The QFC consists of two primary bodies, as shown in Figure 1. First there is the Qatar Financial Centre Authority (QFCA), whose role is to develop the centre and its commercial strategy. As the administrative and legislative body for the centre, it will report directly to the Council of Ministers or cabinet. Second, there is a fully independent regulator, the Qatar Financial Centre Regulatory Authority (QFCRA), to which Philip Thorpe was recently appointed chairman and chief executive. The regulator will be responsible for creating regulation, accepting applications and monitoring business conduct, and will also report to the Council of Ministers. An arbitration body will be formed to adjudicate on appeals.

Independent regulator

The regulator will be an independent body, with powers to authorise, supervise and investigate regulated firms, operating to the highest international standards. Last year’s regulatory fiasco in Dubai, which led to Mr Thorpe’s sacking, has highlighted the importance of regulatory independence in the Gulf. And his appointment as head of the QFCRA (see interview) further emphasises the critical role of the independent regulator in ensuring the integrity and success of financial centres in the region.

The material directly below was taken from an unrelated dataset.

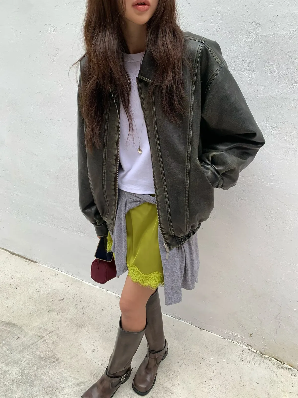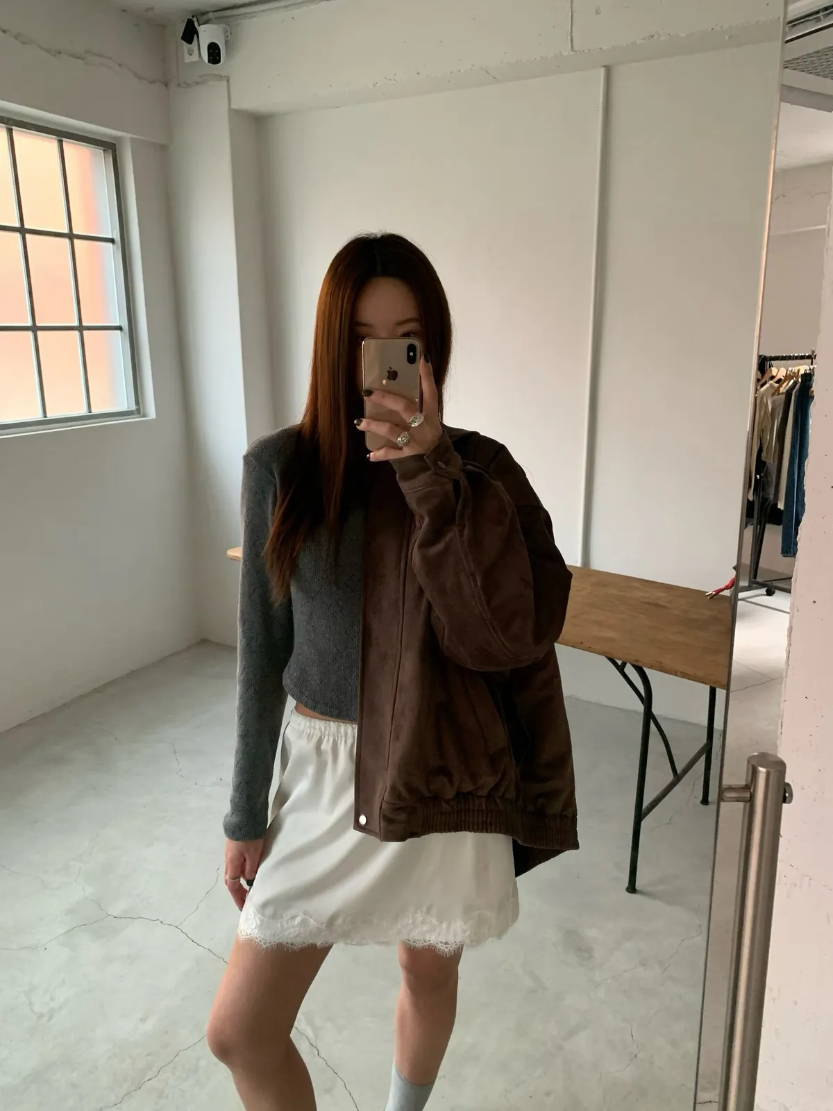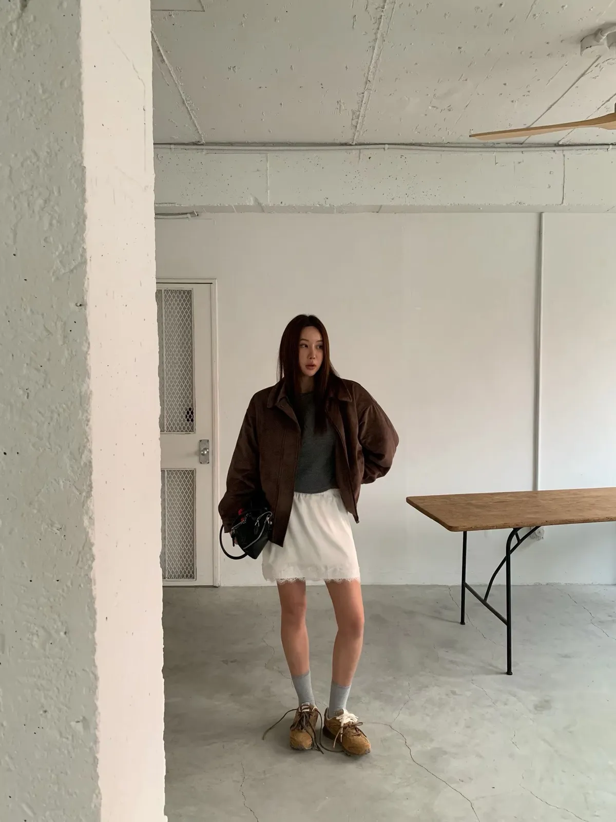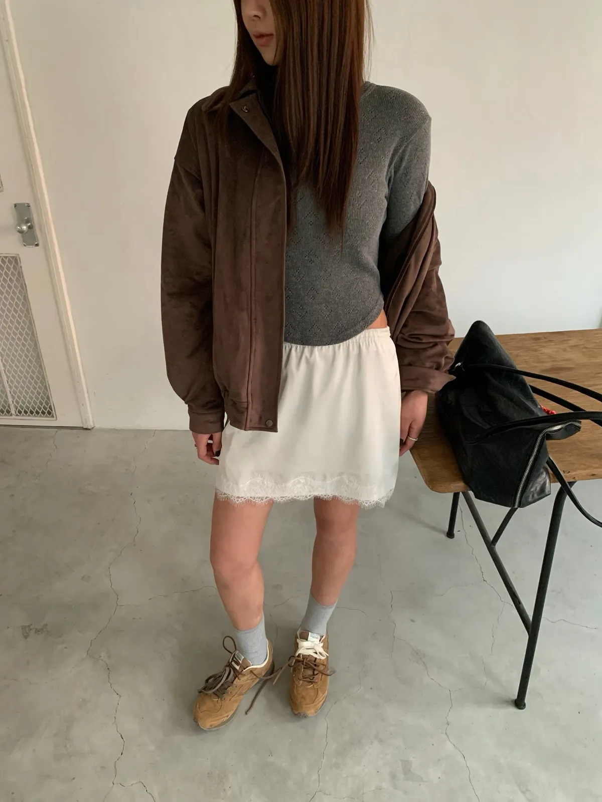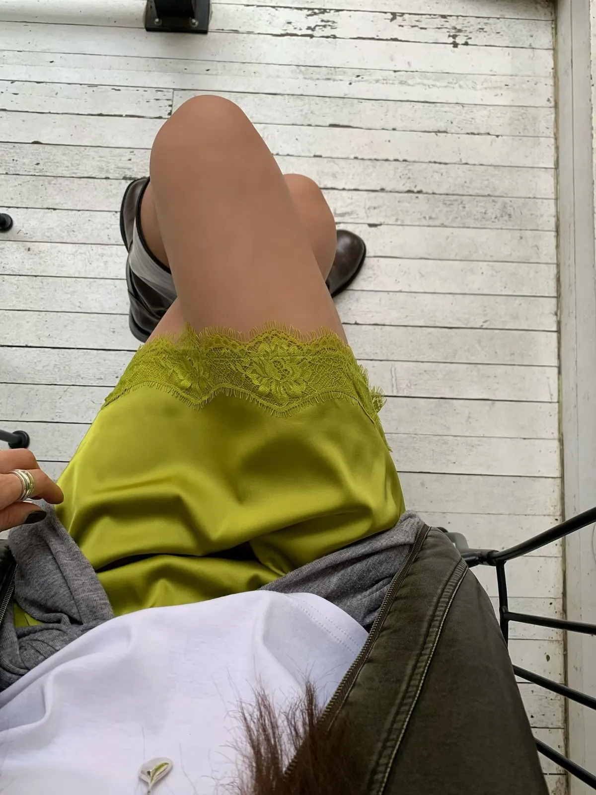 25JB23 緞面拼蕾絲鬆緊腰短裙 2色

With Mr Thorpe in post, the head of the QFCA to be announced soon and applications opening on May 1, the timetable for development of the new centre is proceeding rapidly. In August, the QFC building in Doha’s prestigious West Bay is expected to be ready for occupation, regulatory recruitment should be completed and the first businesses are due to be operational.

While many banks and multinational firms are keen to examine the details, only one institution has confirmed to The Banker its intention to apply for entry to the QFC. Richard Spilg, group chief executive of London-based private bank Ansbacher & Co, says it intends to apply for a licence in May to support its wealth management initiative. Bought last year by Qatar National Bank, Ansbacher, which has a 110-year history in the City of London, is extremely active in private banking, including the niche area of super-yacht finance. Showing its clear focus on the region, Ansbacher is already located in Dubai, where last December it was the fifth institution to obtain a licence from the Dubai International Financial Centre.

Massive project spend

The QFC, based on high regulatory standards, low cost and minimal bureaucracy, is fast becoming a reality. And the question of whether another financial centre is needed in the region is quickly being answered. Besides becoming one of the wealthiest countries in the world in terms of per capita income in the years ahead, Qatar is expecting to see more than $110bn spent on projects in the next five years.

The wealth flowing into the economy, the project finance needs and related personal needs call for high-quality financial services. Hence establishing a ‘best in class’ regulatory and business environment seems essential if Qatar is to make the most out of its resources and ambitions. When its unique wealth and financial needs are assessed, it makes sense to develop an international standard financial centre at home, rather than allow other financial centres to reap the rewards.